In October 1937, the FCC announced the creation of an Apex band (also known as ultra-shortwave) of stations, consisting of 75 channels spanning from 41.02 to 43.98 MHz. Like the original broadcasting stations, the Apex band employed amplitude modulation (AM), although the 40 kHz spacing between adjacent frequencies was four times as wide, which reduced adjacent-frequency interference and provided additional bandwidth for high-fidelity audio. In January 1938 the first 25 Apex channels were reserved for use by non-commercial educational stations. However, few stations were ever established, and the FCC ultimately determined that instead of a second AM band, frequency modulation (FM) stations were a superior technology.
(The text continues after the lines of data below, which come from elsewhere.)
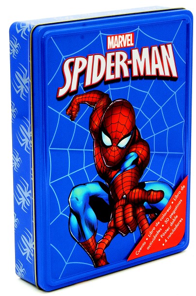Esta caja metálica contiene un libro de cuentos de 32 páginas, un libro de colorear de 24 páginas y un libro de actividades de 24 páginas. Incluye también 4 rotuladores de colores, un póster doble y una hoja de adhesivos. ¡Pásalo en grande junto al hombre araña! ¡Acción, heroísmo y diversión!
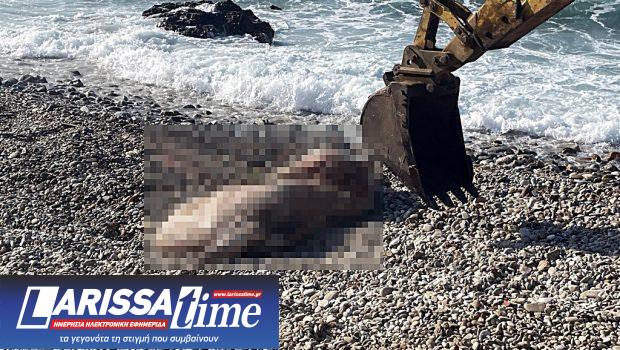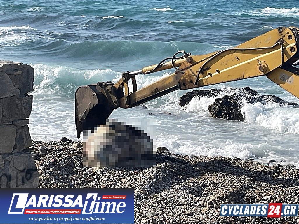 Αμέσως κινητοποιήθηκε το Λιμενικό, ενώ στο σημείο μετέβησαν ένα σκαπτικό μηχάνημα και ένα φορτηγό, προκειμένου να απομακρύνουν το μεγάλο ζώο από την ακτή.
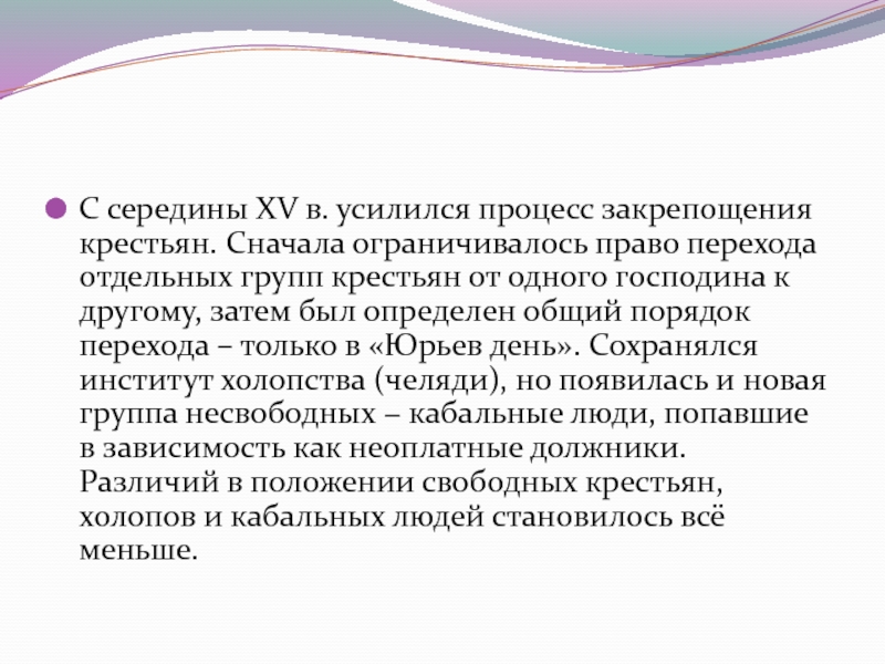 затем был определен общий порядок перехода – только в «Юрьев день». Сохранялся институт холопства (челяди), но появилась и новая группа несвободных кабальные люди, попавшие в зависимость как неоплатные должники. Различий в положении свободных крестьян, холопов и кабальных людей становилось всё меньше.

On May 20, 1940, the Apex stations were ordered to be off the air by January 1, 1941, if they had not converted to FM by that date.

====FM band established====

The technology for wide-band FM was developed by Edwin Howard Armstrong beginning in the 1930s. This innovation provided for high-fidelity transmissions that were largely free from the static interference that affected AM signals. In May 1940, the FCC authorized the creation, effective January 1, 1941, of an FM broadcasting band operating on 40 200-kHz wide channels spanning 42–50 MHz, with the first 5 channels reserved for non-commercial educational stations, and the other 35 available for commercial stations. However, initial growth was slowed by industrial restrictions in effect during World War II.

An additional complicating factor was the concern by the FCC that the assigned frequencies were prone to occasional interference caused by atmospheric conditions, especially during periods of high solar activity. A 1945 FCC engineering study concluded that a phenomenon known as "Sporadic E" would cause interference issues 1% of the time for a station broadcasting at 42 MHz, but only .01% for one at 84 MHz. Based on this analysis, that July, the FCC announced, despite fierce resistance by the existing station owners, that it was reassigning the FM band to a higher frequency range of 88–108 MHz. The new band provided for 100 FM channels—20 non-commercial educational and 80 commercial—which was 2 1/2 times the total number of the original FM band. However, the move also proved to be very disruptive, because it required that stations install new transmitters, and it made an estimated half-million existing receivers obsolete.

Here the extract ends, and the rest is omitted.